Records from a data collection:
──────────

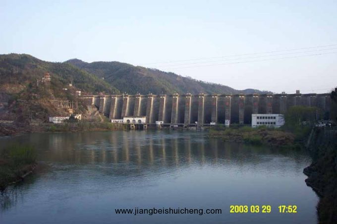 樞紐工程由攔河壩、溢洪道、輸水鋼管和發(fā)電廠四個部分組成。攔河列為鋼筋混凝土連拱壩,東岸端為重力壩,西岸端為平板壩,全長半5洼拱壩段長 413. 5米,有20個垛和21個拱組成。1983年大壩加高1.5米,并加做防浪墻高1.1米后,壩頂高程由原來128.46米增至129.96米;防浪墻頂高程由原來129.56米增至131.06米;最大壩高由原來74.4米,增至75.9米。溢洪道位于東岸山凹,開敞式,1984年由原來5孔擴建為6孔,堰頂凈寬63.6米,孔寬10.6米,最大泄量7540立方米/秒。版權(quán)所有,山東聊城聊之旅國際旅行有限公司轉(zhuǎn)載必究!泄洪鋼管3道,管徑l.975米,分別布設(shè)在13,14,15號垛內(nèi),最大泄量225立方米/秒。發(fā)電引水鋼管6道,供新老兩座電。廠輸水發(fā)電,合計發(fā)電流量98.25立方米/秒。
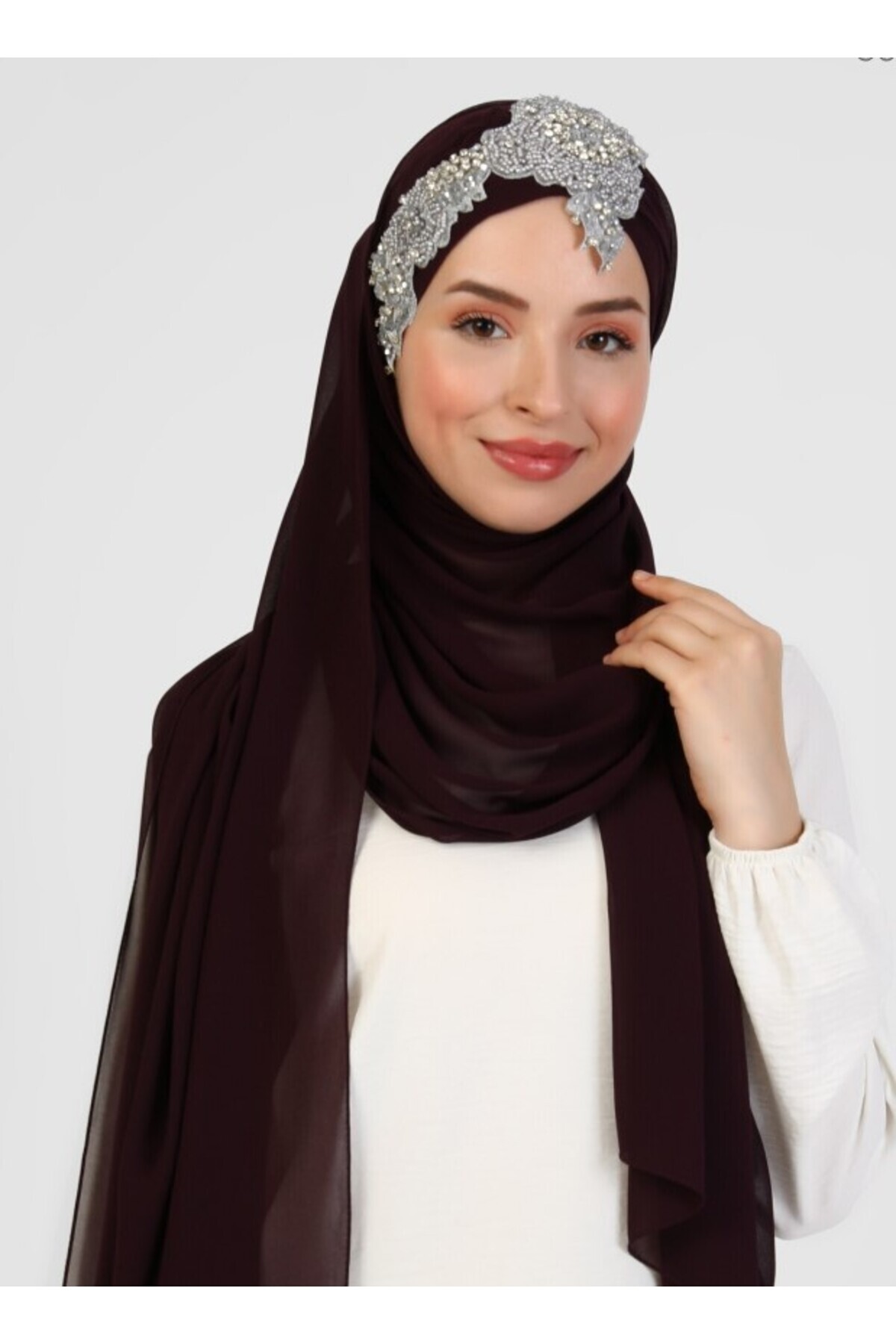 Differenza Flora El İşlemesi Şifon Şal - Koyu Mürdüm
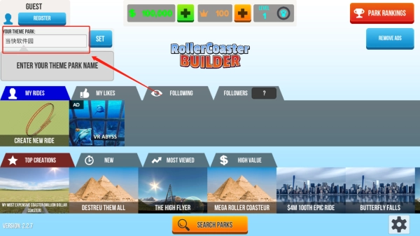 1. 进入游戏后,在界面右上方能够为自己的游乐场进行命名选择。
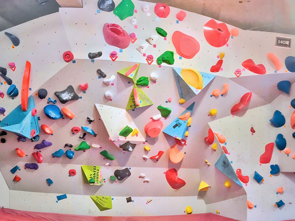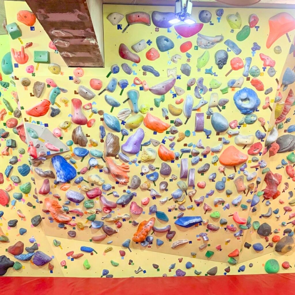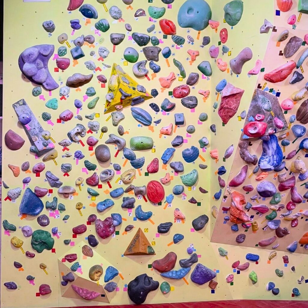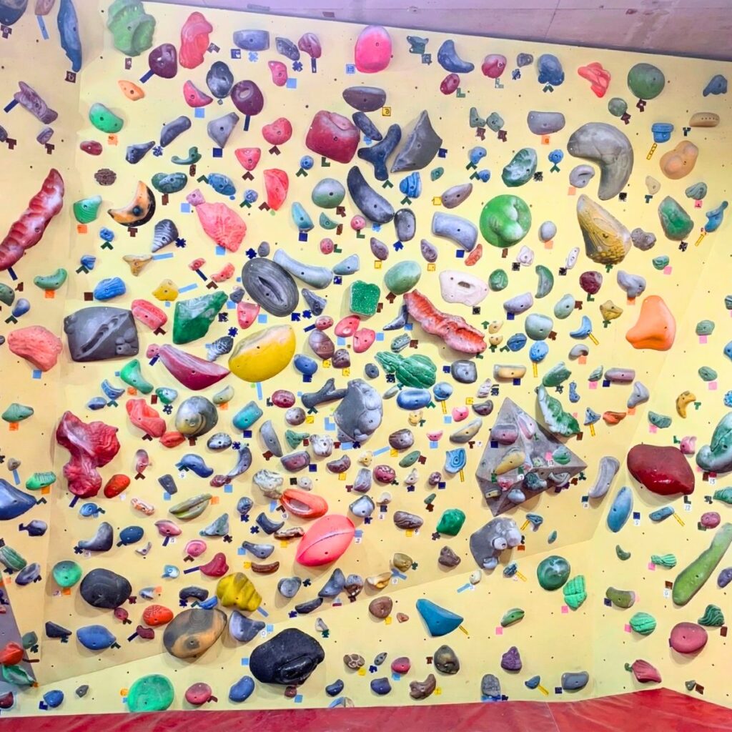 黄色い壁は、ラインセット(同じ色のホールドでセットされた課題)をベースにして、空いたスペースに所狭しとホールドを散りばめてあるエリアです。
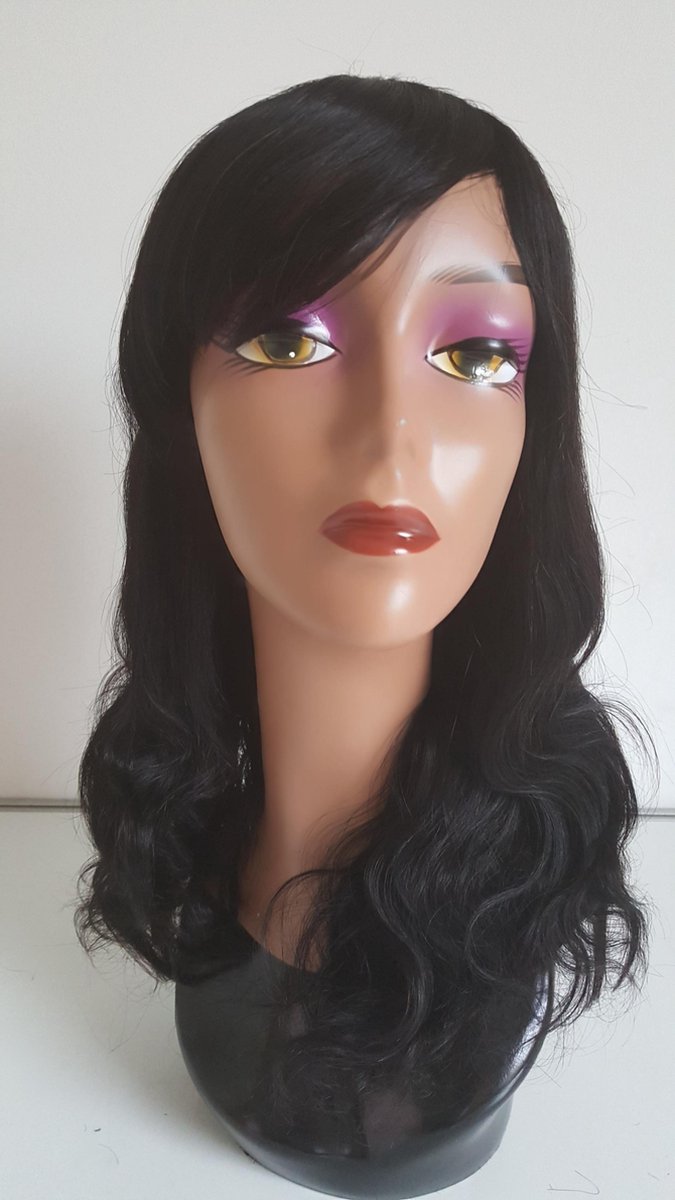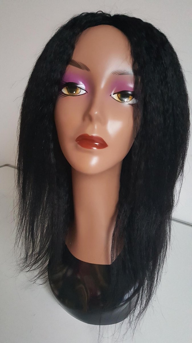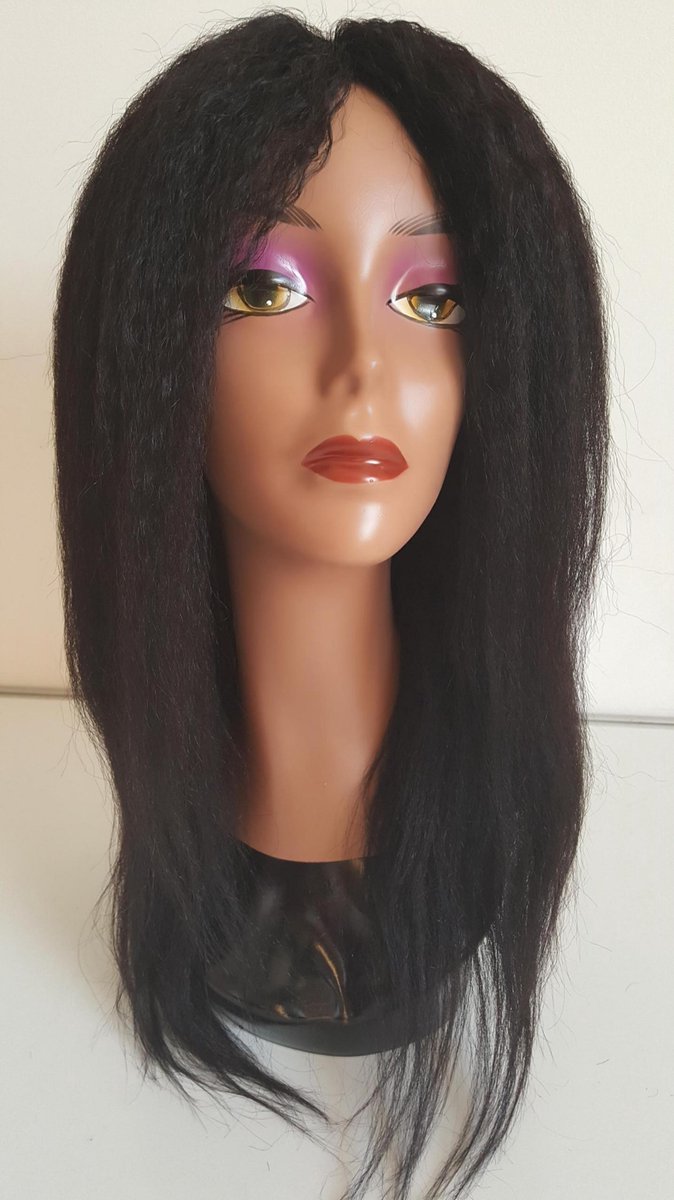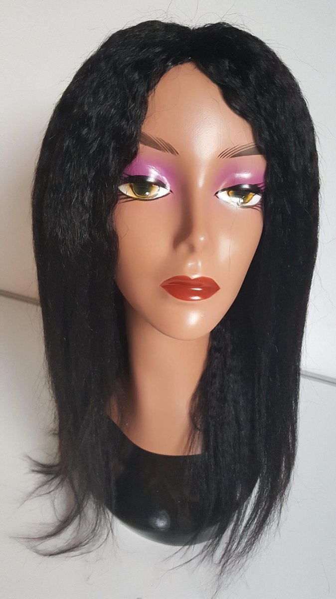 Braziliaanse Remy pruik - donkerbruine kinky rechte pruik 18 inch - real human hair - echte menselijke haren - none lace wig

──────────

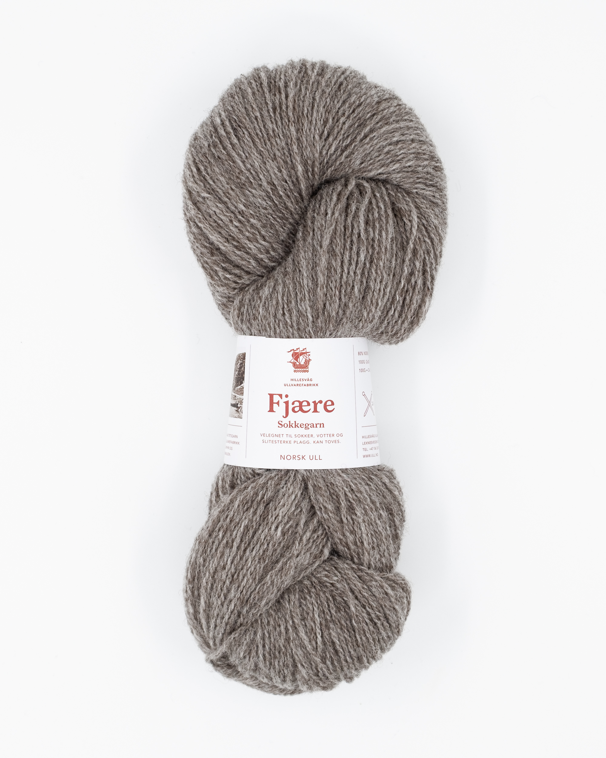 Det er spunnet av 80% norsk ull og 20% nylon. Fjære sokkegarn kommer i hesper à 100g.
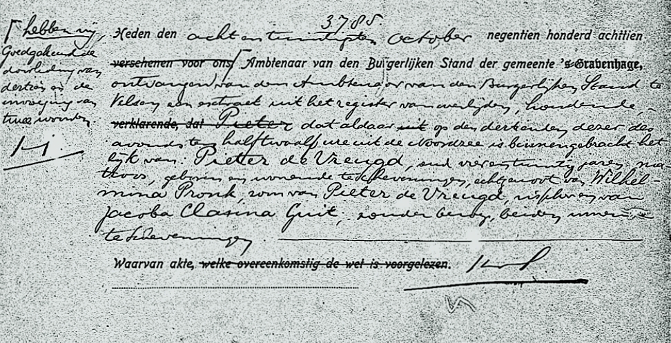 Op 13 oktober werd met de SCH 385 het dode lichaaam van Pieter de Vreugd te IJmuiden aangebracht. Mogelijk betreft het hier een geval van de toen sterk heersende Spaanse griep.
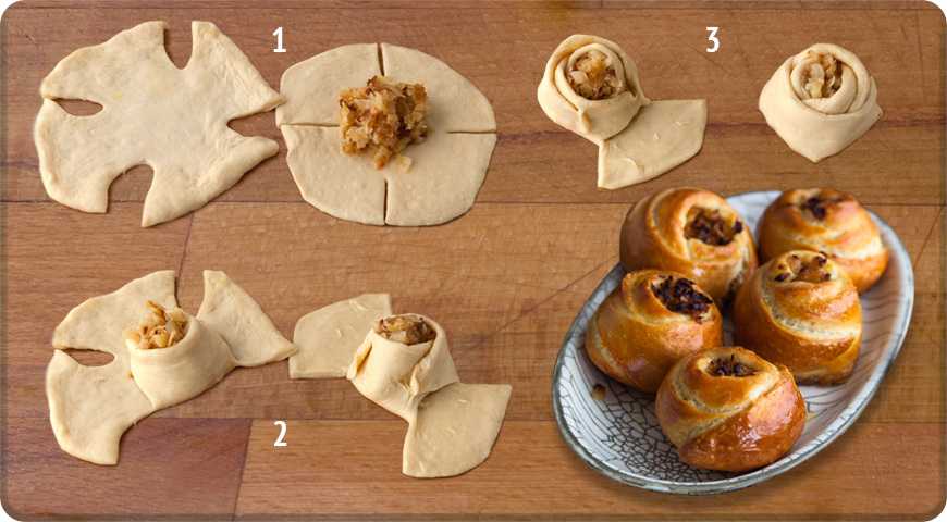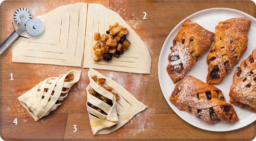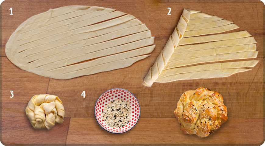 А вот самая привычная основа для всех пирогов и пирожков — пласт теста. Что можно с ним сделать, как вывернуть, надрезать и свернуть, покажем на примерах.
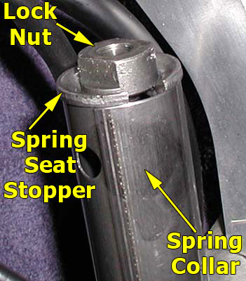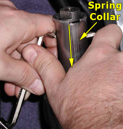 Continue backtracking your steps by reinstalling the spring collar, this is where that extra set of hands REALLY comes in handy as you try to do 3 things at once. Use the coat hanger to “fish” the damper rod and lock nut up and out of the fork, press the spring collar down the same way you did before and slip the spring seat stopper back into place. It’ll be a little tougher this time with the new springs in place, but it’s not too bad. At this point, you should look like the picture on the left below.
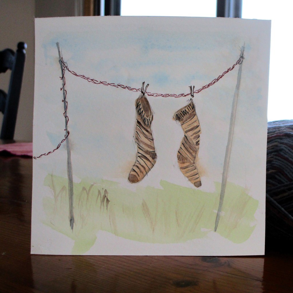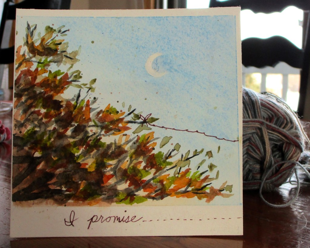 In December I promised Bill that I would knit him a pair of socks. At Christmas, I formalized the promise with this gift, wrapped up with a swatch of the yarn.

──────────

Activity.
Give again, exactly as written above, each line from the one that has "Differenza Flora El" to the one that has "Braziliaanse Remy pruik", both included; omit the pictures.

Completed task.
 Differenza Flora El İşlemesi Şifon Şal - Koyu Mürdüm
 1. 进入游戏后,在界面右上方能够为自己的游乐场进行命名选择。
 黄色い壁は、ラインセット(同じ色のホールドでセットされた課題)をベースにして、空いたスペースに所狭しとホールドを散りばめてあるエリアです。
 Braziliaanse Remy pruik - donkerbruine kinky rechte pruik 18 inch - real human hair - echte menselijke haren - none lace wig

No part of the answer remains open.